-------- Material for this exercise
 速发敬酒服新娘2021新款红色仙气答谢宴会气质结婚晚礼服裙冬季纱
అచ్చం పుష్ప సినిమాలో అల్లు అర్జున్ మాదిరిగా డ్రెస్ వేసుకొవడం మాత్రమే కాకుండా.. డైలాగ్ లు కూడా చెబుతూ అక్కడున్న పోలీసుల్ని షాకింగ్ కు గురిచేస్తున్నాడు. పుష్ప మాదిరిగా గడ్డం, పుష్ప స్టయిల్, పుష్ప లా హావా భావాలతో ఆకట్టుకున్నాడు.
----------------
-------- Material for this exercise
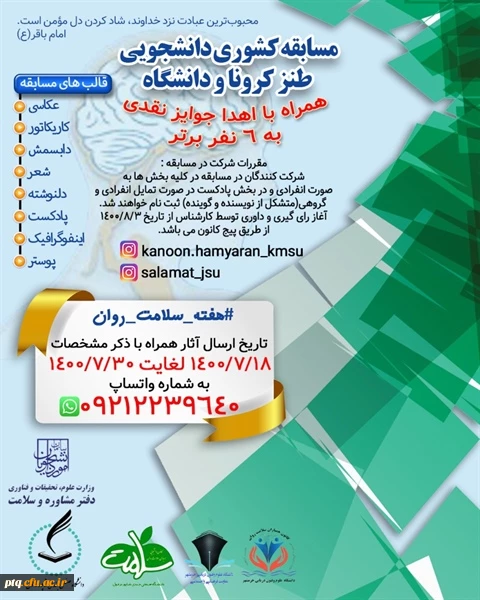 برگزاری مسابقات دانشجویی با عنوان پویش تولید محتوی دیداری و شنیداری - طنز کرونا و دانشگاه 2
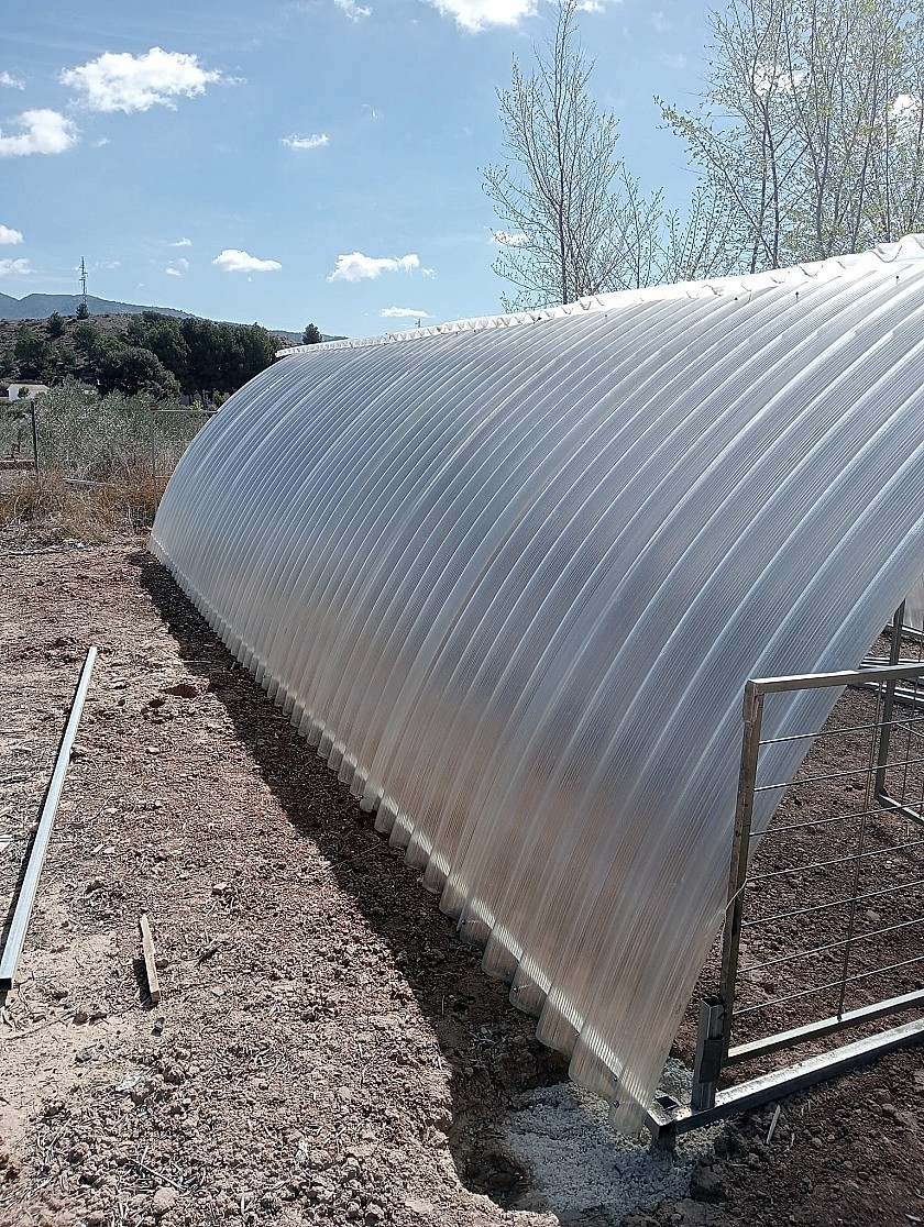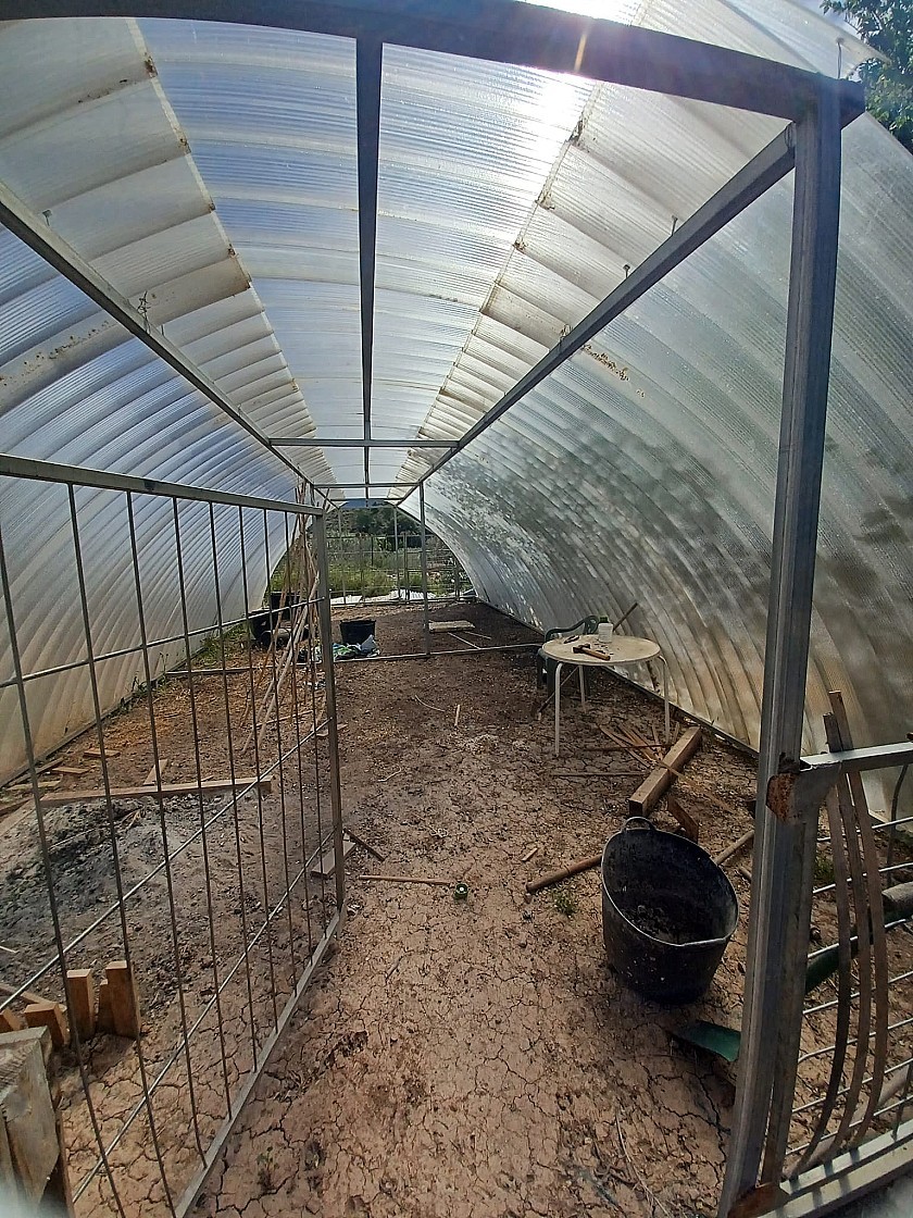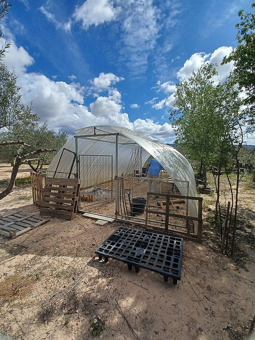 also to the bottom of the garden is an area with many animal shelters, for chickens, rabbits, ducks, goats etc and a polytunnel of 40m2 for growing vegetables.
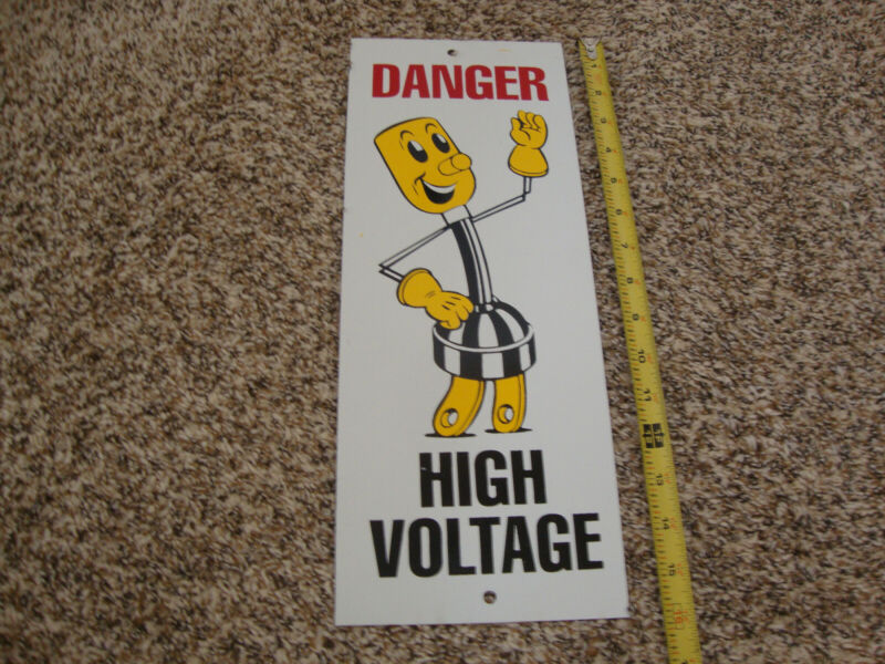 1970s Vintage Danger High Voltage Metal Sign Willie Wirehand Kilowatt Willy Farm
----------------
-------- Material for this exercise
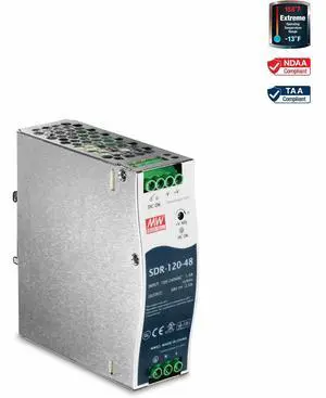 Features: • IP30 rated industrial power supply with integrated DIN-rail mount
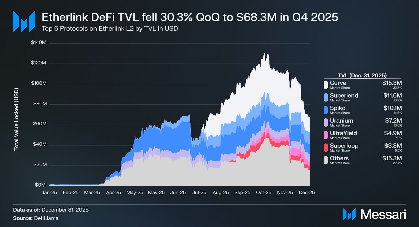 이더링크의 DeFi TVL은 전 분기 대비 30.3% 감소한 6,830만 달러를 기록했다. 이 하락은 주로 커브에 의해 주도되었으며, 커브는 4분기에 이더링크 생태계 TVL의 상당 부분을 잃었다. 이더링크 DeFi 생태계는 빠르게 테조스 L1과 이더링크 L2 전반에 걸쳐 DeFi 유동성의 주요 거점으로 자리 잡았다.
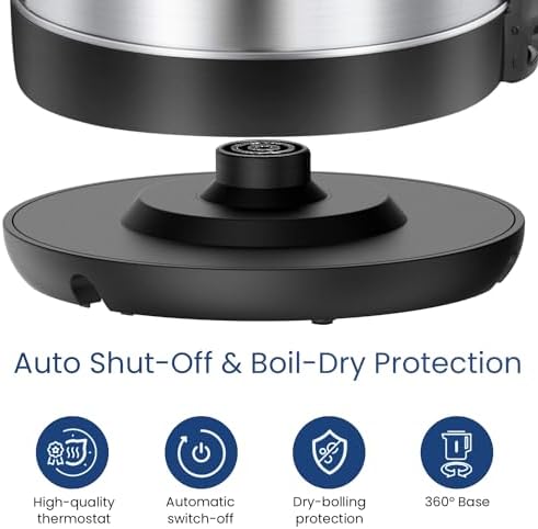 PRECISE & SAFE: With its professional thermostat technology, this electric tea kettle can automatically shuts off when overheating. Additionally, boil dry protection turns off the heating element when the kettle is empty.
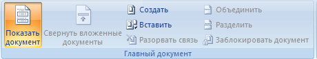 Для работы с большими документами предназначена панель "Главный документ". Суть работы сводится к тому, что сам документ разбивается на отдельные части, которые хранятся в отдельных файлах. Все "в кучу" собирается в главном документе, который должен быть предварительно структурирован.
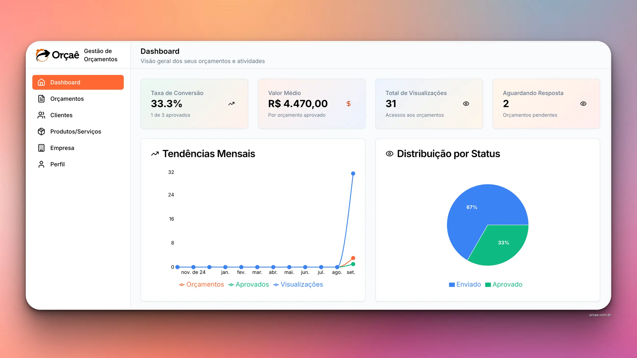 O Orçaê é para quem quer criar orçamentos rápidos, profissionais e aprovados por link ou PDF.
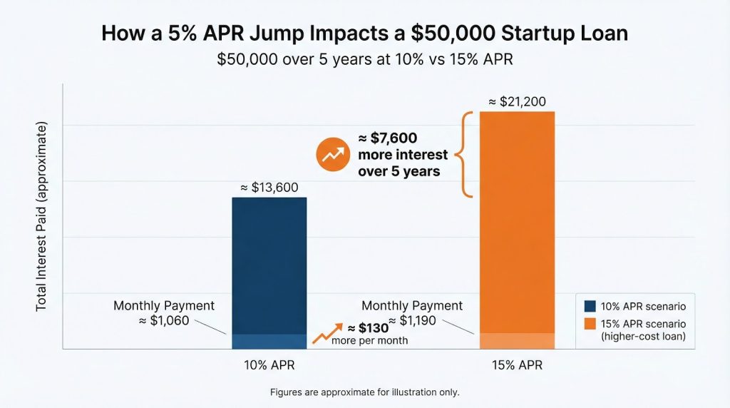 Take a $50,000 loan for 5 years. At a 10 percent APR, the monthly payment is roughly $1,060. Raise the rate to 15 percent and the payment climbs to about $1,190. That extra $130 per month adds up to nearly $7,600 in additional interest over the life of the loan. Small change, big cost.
----------------
Directions | The answer must be the part of the records that opens with the line containing "Для работы с" and closes with the line containing "Take a $50,000", reproduced exactly, with no pictures.

Your solution |
 Для работы с большими документами предназначена панель "Главный документ". Суть работы сводится к тому, что сам документ разбивается на отдельные части, которые хранятся в отдельных файлах. Все "в кучу" собирается в главном документе, который должен быть предварительно структурирован.
 O Orçaê é para quem quer criar orçamentos rápidos, profissionais e aprovados por link ou PDF.
 Take a $50,000 loan for 5 years. At a 10 percent APR, the monthly payment is roughly $1,060. Raise the rate to 15 percent and the payment climbs to about $1,190. That extra $130 per month adds up to nearly $7,600 in additional interest over the life of the loan. Small change, big cost.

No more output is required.